- SUPPLIED RECORDS -

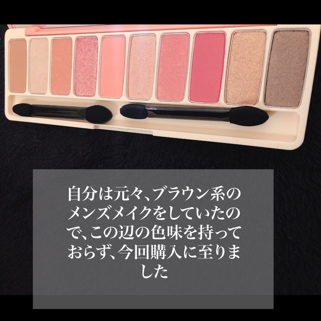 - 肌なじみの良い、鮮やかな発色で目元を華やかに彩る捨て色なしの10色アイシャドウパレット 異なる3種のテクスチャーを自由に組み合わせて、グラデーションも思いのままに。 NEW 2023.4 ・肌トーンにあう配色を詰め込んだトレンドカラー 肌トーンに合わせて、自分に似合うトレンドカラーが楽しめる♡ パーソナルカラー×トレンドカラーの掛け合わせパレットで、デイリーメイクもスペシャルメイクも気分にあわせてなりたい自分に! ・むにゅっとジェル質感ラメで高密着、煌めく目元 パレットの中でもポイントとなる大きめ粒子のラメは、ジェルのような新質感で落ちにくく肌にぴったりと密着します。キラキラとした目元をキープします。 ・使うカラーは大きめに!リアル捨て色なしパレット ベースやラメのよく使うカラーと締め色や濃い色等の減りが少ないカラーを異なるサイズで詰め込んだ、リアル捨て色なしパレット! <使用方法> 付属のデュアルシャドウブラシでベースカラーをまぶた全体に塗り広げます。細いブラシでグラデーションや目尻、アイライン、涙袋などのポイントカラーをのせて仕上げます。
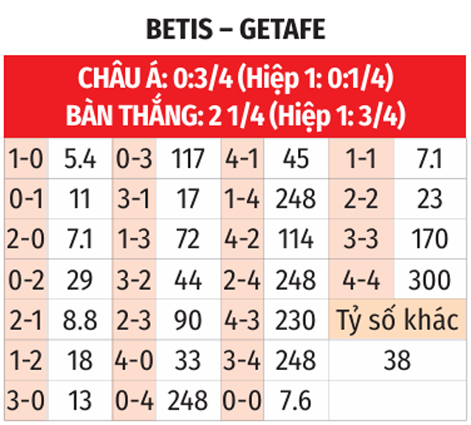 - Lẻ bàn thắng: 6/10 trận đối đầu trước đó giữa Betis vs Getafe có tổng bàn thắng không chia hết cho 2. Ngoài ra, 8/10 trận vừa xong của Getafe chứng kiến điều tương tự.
---
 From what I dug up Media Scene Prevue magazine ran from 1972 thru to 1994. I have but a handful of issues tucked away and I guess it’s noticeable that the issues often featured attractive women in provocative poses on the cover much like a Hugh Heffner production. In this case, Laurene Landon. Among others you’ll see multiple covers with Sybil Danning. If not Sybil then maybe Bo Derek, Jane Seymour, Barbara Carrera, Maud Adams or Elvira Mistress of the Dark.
---
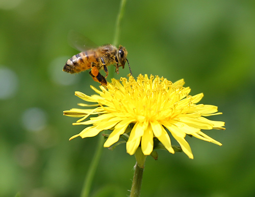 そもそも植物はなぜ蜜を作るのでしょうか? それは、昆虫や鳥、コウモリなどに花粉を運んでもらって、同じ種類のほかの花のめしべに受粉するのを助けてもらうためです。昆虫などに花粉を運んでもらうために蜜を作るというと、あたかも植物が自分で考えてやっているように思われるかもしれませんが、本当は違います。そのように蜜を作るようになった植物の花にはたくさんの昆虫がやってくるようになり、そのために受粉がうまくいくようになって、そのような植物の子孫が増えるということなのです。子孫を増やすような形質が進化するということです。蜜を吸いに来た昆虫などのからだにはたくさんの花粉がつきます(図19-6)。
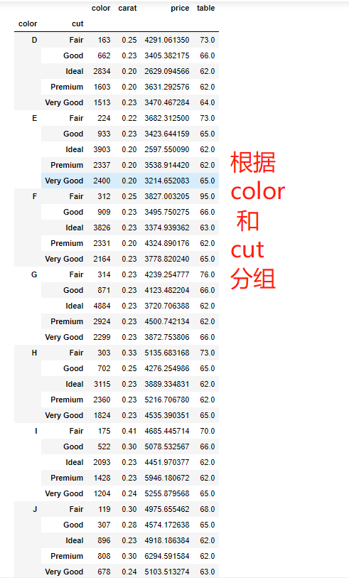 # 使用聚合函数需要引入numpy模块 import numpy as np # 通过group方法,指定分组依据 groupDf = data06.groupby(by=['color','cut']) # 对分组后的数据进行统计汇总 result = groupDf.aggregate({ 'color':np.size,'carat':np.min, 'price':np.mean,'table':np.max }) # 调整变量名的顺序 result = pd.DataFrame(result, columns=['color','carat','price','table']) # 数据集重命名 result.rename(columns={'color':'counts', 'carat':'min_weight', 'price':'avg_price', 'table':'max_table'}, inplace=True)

- THE TASK -
From the records above, copy exactly the stretch from the line holding "そもそも植物はなぜ蜜を作るの" through the line holding "# 使用聚合函数需要引入numpy模块 import", both ends included, without the pictures.

- ANSWER TO THIS PROBLEM -
 そもそも植物はなぜ蜜を作るのでしょうか? それは、昆虫や鳥、コウモリなどに花粉を運んでもらって、同じ種類のほかの花のめしべに受粉するのを助けてもらうためです。昆虫などに花粉を運んでもらうために蜜を作るというと、あたかも植物が自分で考えてやっているように思われるかもしれませんが、本当は違います。そのように蜜を作るようになった植物の花にはたくさんの昆虫がやってくるようになり、そのために受粉がうまくいくようになって、そのような植物の子孫が増えるということなのです。子孫を増やすような形質が進化するということです。蜜を吸いに来た昆虫などのからだにはたくさんの花粉がつきます(図19-6)。
 # 使用聚合函数需要引入numpy模块 import numpy as np # 通过group方法,指定分组依据 groupDf = data06.groupby(by=['color','cut']) # 对分组后的数据进行统计汇总 result = groupDf.aggregate({ 'color':np.size,'carat':np.min, 'price':np.mean,'table':np.max }) # 调整变量名的顺序 result = pd.DataFrame(result, columns=['color','carat','price','table']) # 数据集重命名 result.rename(columns={'color':'counts', 'carat':'min_weight', 'price':'avg_price', 'table':'max_table'}, inplace=True)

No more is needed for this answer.